### WHAT IS NEEDED
Would you return the lines that run from the start of the data below to the line with "KBS 1TV 일일드라마", both included, exactly as written and without pictures?

### INPUT DATA
□ □ □ □ □

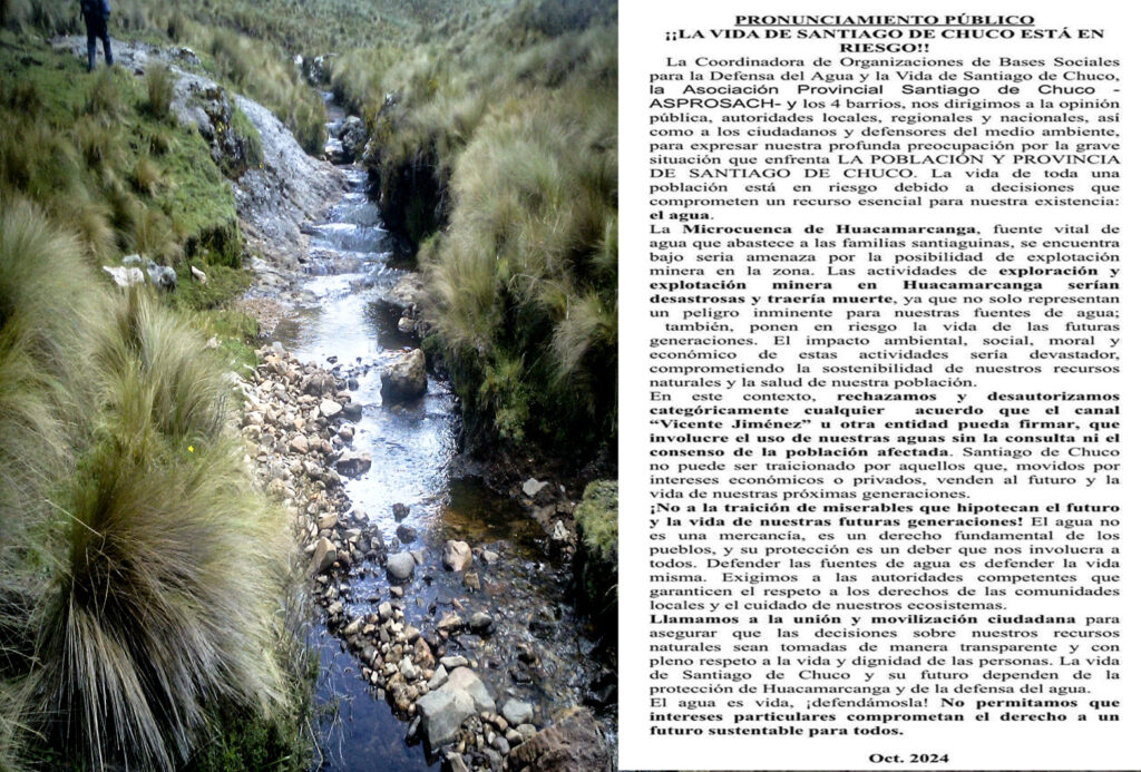 El agua no se negocia, el agua se defiende. La Coordinadora de Organizaciones de Bases Sociales en Defensa del Agua y la Vida de Santiago de Chuco se pronunció sobre el proyecto minero La Colorada, que se trataría de realizar en el caserío de Huacamarcanga, distrito de Usquil.
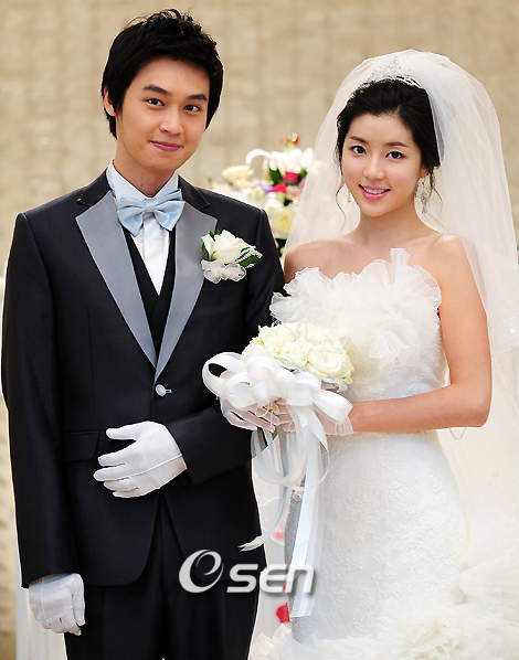 KBS 1TV 일일드라마 '다함께 차차차'(유윤경 김정은 극본, 김성은 김영균 연출)의 박한별(한진경 역)-이중문(이한 역)의 결혼식 장면 촬영현장을 19일 오전 서울 영등포구 당산동 '문화웨딩홀'에서 공개했다. 이 드라마는 피 한 방울 섞이지 않은 두 여자가 '가족'으로 살아가는 모습을 통해 진정한 가족애가 무엇인지를 돌아보게 내용을 담고 있다. 이중문과 박한별이 결혼식장에서 포즈를 취하고 있다./민경훈 기자 rumi@osen.co.kr
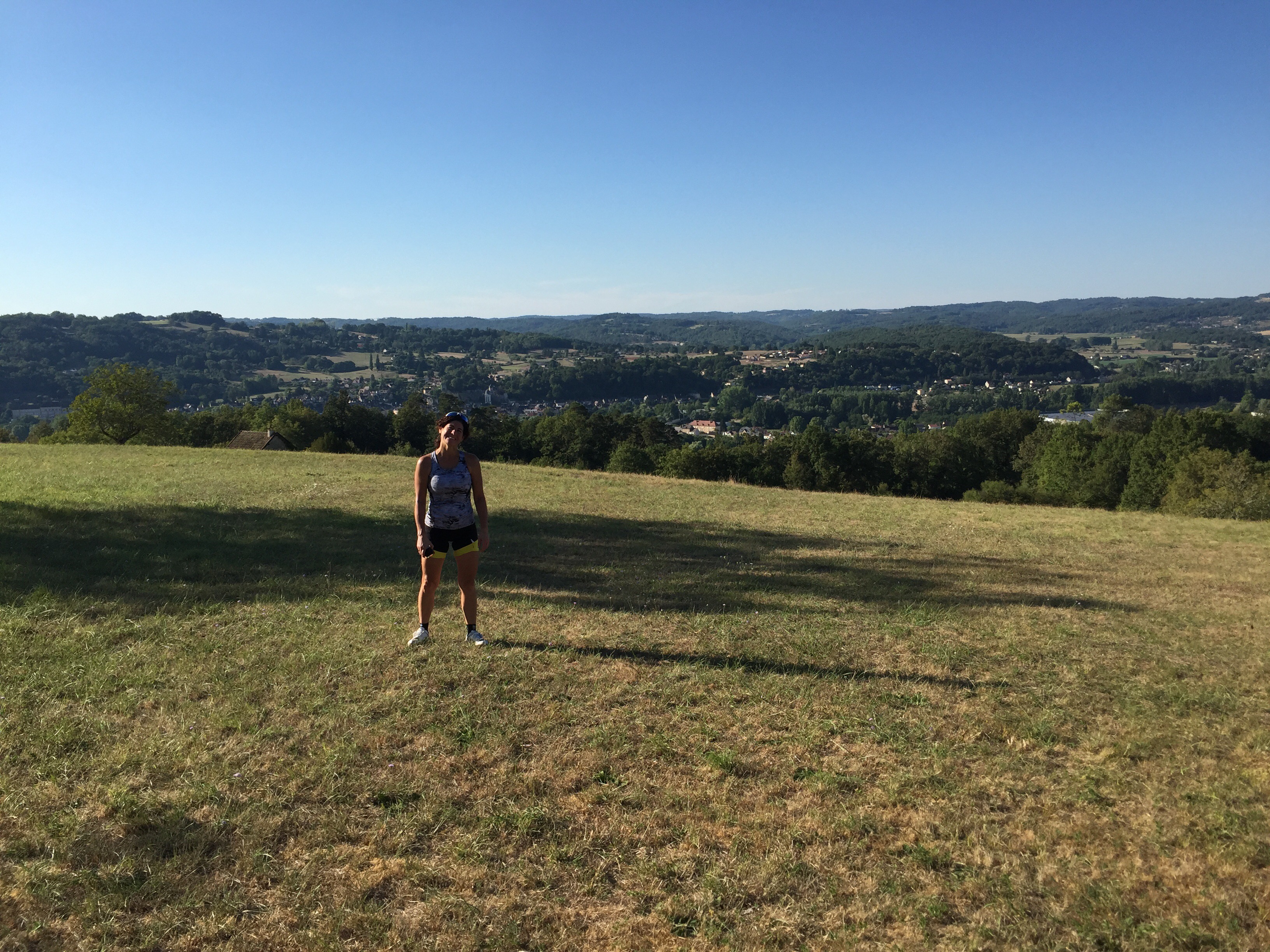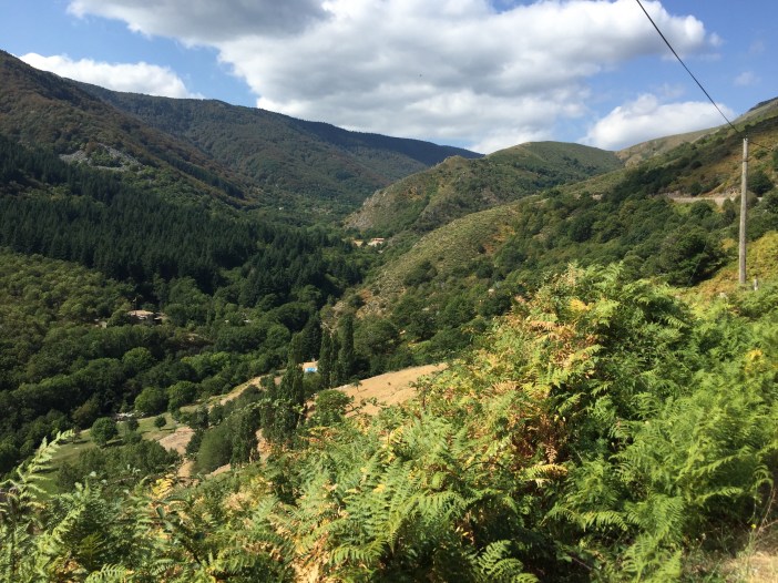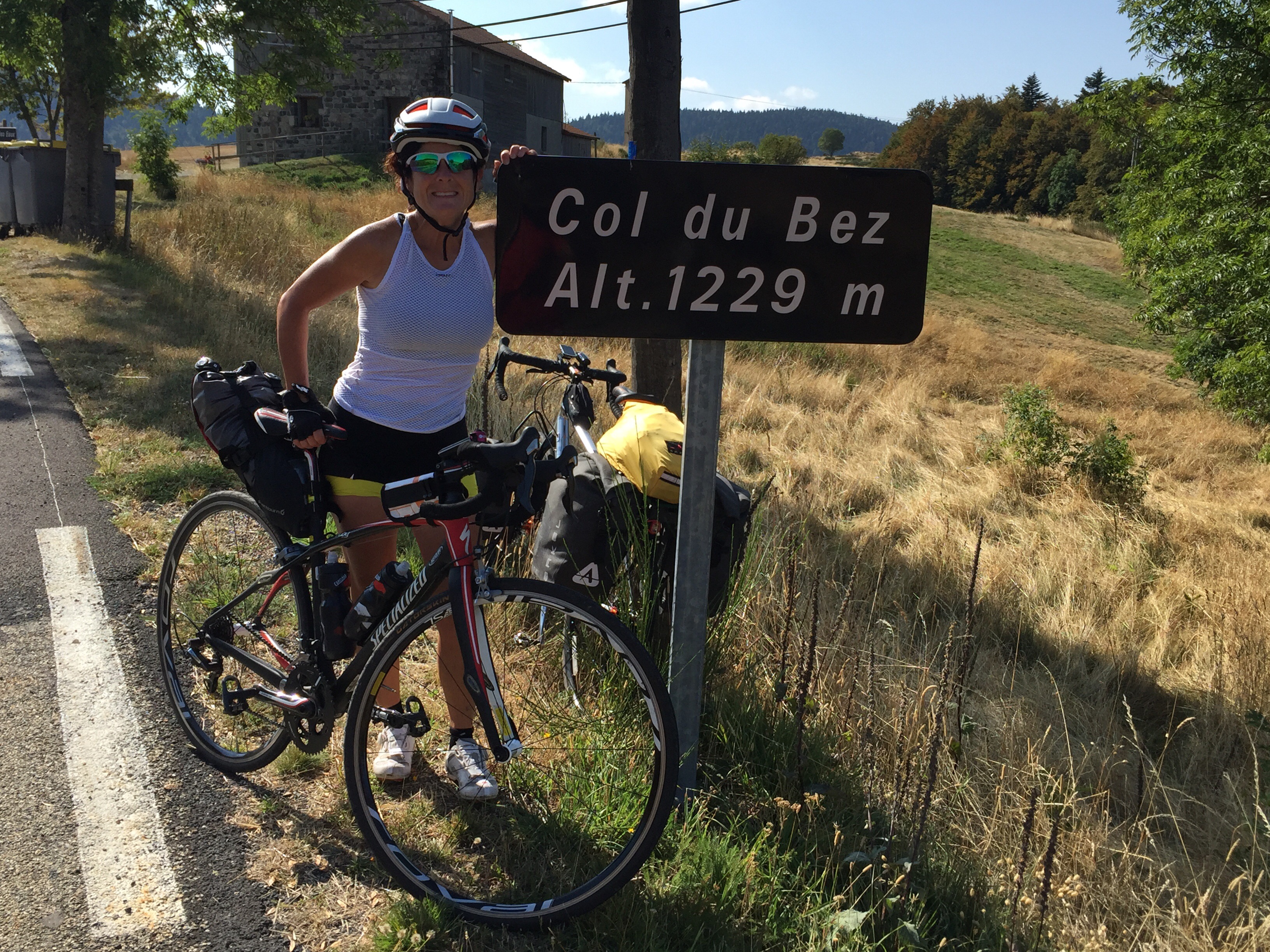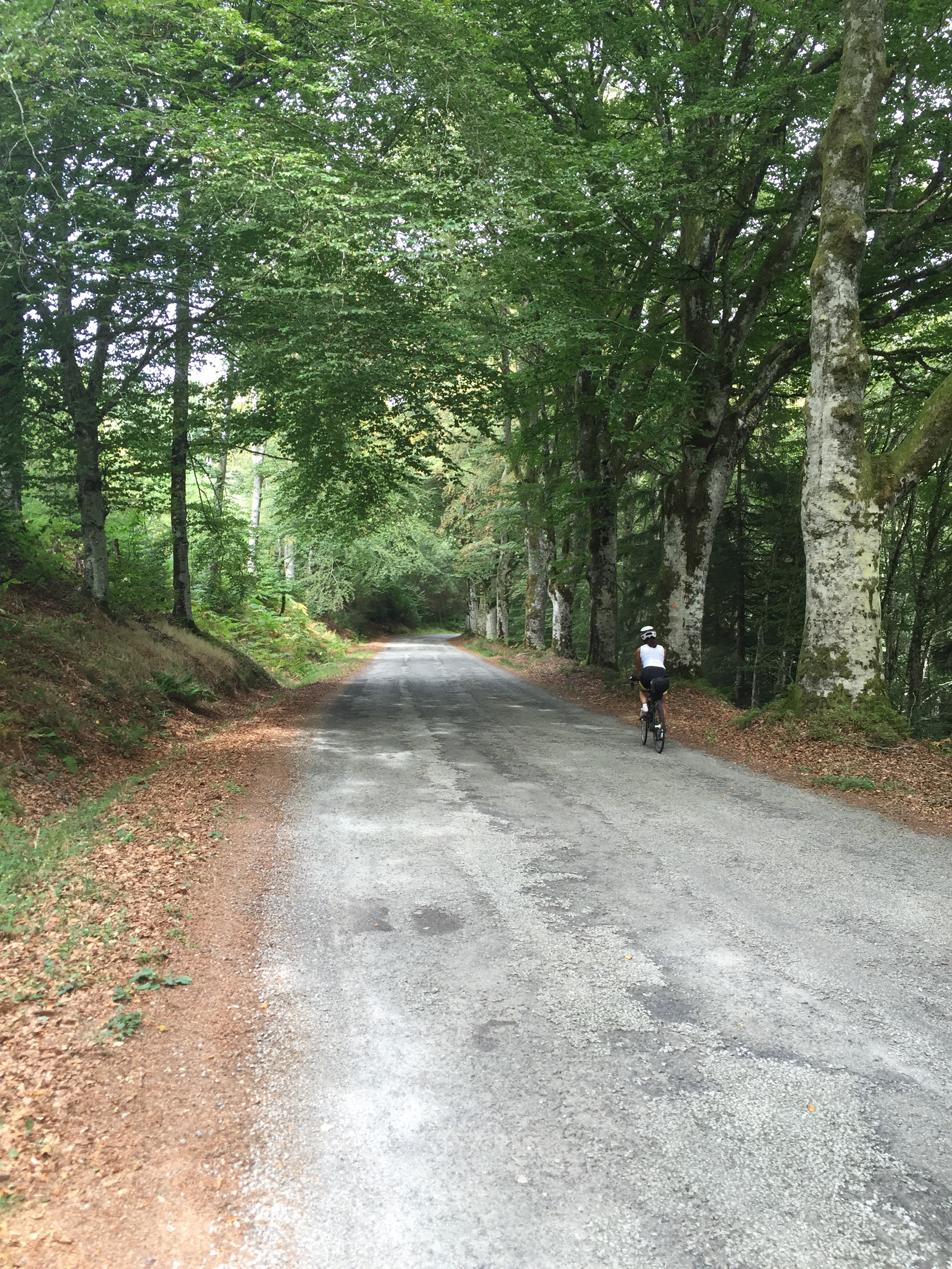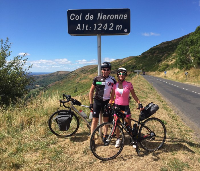 Après Salers, on grimpe longtemps, avec un pourcentage d’environ 3 à 4%, mais avec un vent de face, sur un route étroite avec pavé refait pour le TDF. On roule à 1000 mètres d’altitude vers le col de Néronne avec une énorme vallée à notre droite. À couper le souffle!
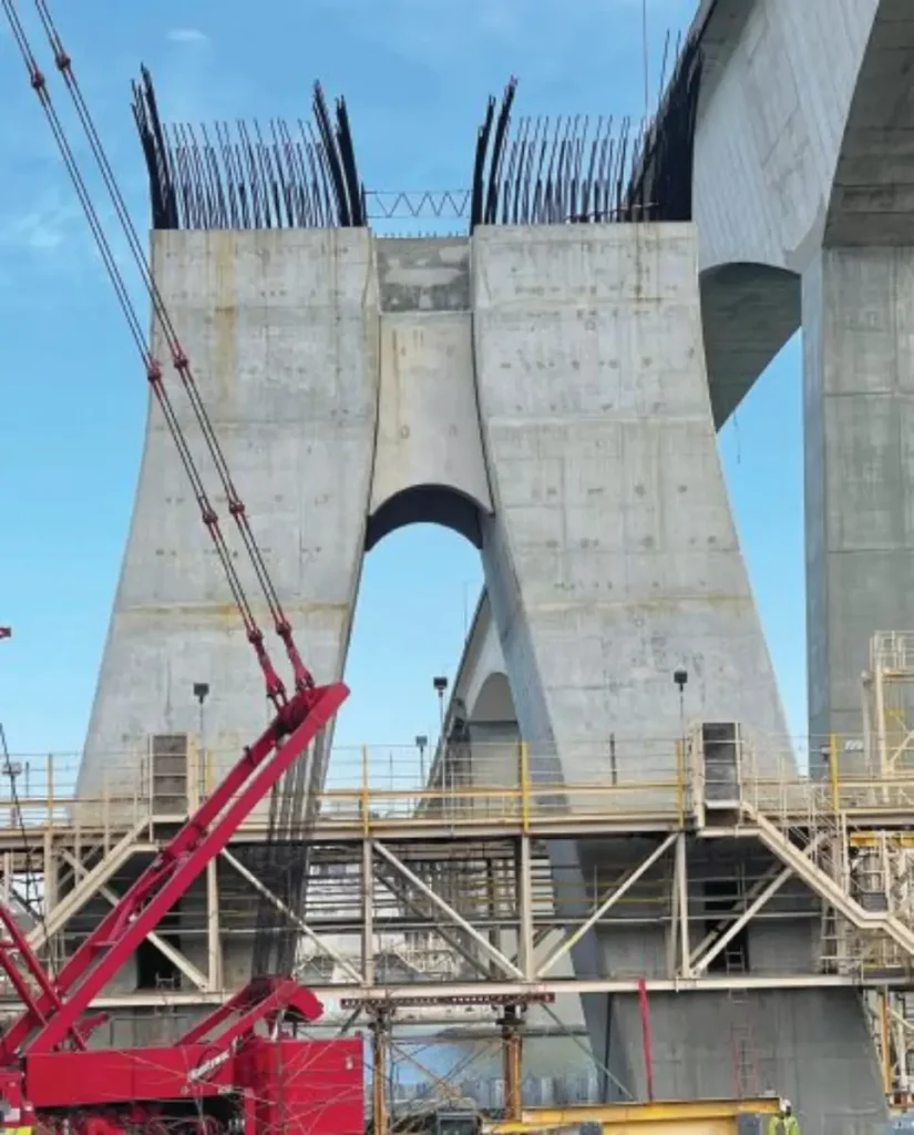 Cuando cuatro pilones de puente de 30,5 metros de altura -construidos, pero nunca utilizados- se consideraron incompatibles con un diseño de puente revisado, se encargó a el equipo desmontarlos de manera segura, eficiente y sin dañar los elementos estructurales designados para reutilización (Fig. 1).

□ □ □ □ □

### EXPECTED ANSWER
 El agua no se negocia, el agua se defiende. La Coordinadora de Organizaciones de Bases Sociales en Defensa del Agua y la Vida de Santiago de Chuco se pronunció sobre el proyecto minero La Colorada, que se trataría de realizar en el caserío de Huacamarcanga, distrito de Usquil.
 KBS 1TV 일일드라마 '다함께 차차차'(유윤경 김정은 극본, 김성은 김영균 연출)의 박한별(한진경 역)-이중문(이한 역)의 결혼식 장면 촬영현장을 19일 오전 서울 영등포구 당산동 '문화웨딩홀'에서 공개했다. 이 드라마는 피 한 방울 섞이지 않은 두 여자가 '가족'으로 살아가는 모습을 통해 진정한 가족애가 무엇인지를 돌아보게 내용을 담고 있다. 이중문과 박한별이 결혼식장에서 포즈를 취하고 있다./민경훈 기자 rumi@osen.co.kr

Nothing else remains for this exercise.